Task to carry out => Restate all the lines below word for word, but omit the pictures.

━━━━━ Recorded information

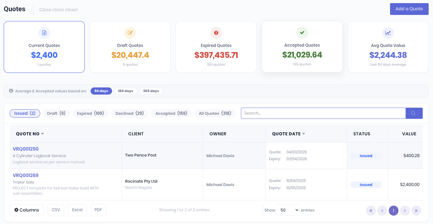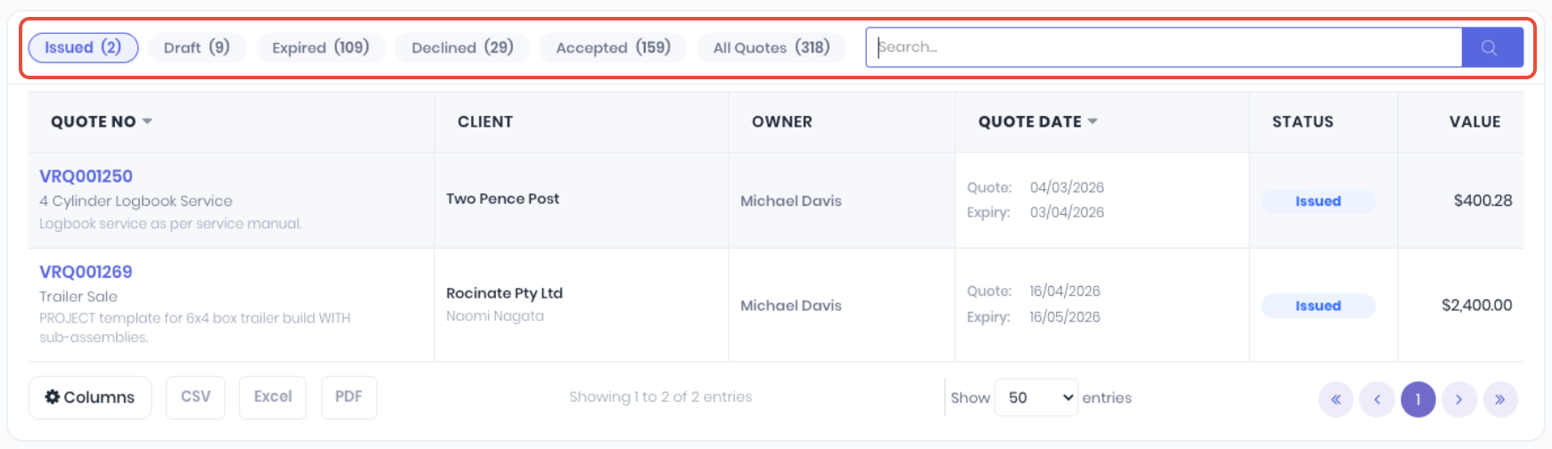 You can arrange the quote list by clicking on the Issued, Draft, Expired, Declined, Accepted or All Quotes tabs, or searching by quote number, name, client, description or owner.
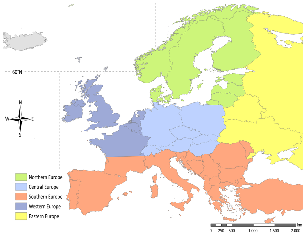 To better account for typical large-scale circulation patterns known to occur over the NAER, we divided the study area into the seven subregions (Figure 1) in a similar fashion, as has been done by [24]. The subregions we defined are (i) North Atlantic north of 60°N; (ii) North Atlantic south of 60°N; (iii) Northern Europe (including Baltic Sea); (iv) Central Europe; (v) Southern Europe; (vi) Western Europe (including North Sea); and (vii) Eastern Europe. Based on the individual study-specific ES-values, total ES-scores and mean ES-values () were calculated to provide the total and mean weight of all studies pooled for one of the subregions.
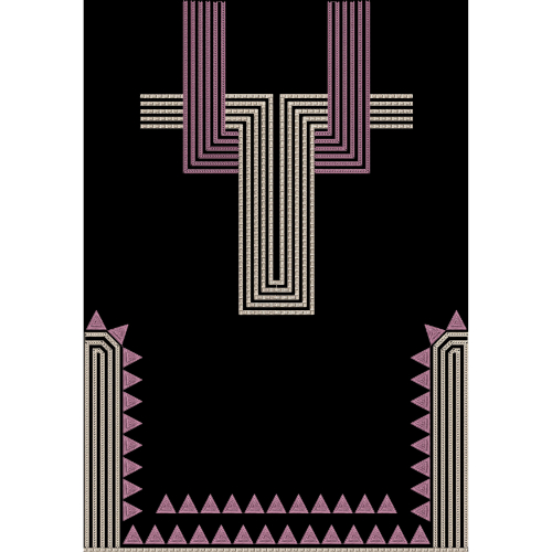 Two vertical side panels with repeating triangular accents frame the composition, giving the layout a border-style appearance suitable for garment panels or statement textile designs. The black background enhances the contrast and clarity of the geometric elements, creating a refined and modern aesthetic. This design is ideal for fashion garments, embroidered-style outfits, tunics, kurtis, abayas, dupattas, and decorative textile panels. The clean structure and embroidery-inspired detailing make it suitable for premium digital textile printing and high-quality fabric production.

━━━━━━━━━━

Reply =>
 You can arrange the quote list by clicking on the Issued, Draft, Expired, Declined, Accepted or All Quotes tabs, or searching by quote number, name, client, description or owner.
 To better account for typical large-scale circulation patterns known to occur over the NAER, we divided the study area into the seven subregions (Figure 1) in a similar fashion, as has been done by [24]. The subregions we defined are (i) North Atlantic north of 60°N; (ii) North Atlantic south of 60°N; (iii) Northern Europe (including Baltic Sea); (iv) Central Europe; (v) Southern Europe; (vi) Western Europe (including North Sea); and (vii) Eastern Europe. Based on the individual study-specific ES-values, total ES-scores and mean ES-values () were calculated to provide the total and mean weight of all studies pooled for one of the subregions.
 Two vertical side panels with repeating triangular accents frame the composition, giving the layout a border-style appearance suitable for garment panels or statement textile designs. The black background enhances the contrast and clarity of the geometric elements, creating a refined and modern aesthetic. This design is ideal for fashion garments, embroidered-style outfits, tunics, kurtis, abayas, dupattas, and decorative textile panels. The clean structure and embroidery-inspired detailing make it suitable for premium digital textile printing and high-quality fabric production.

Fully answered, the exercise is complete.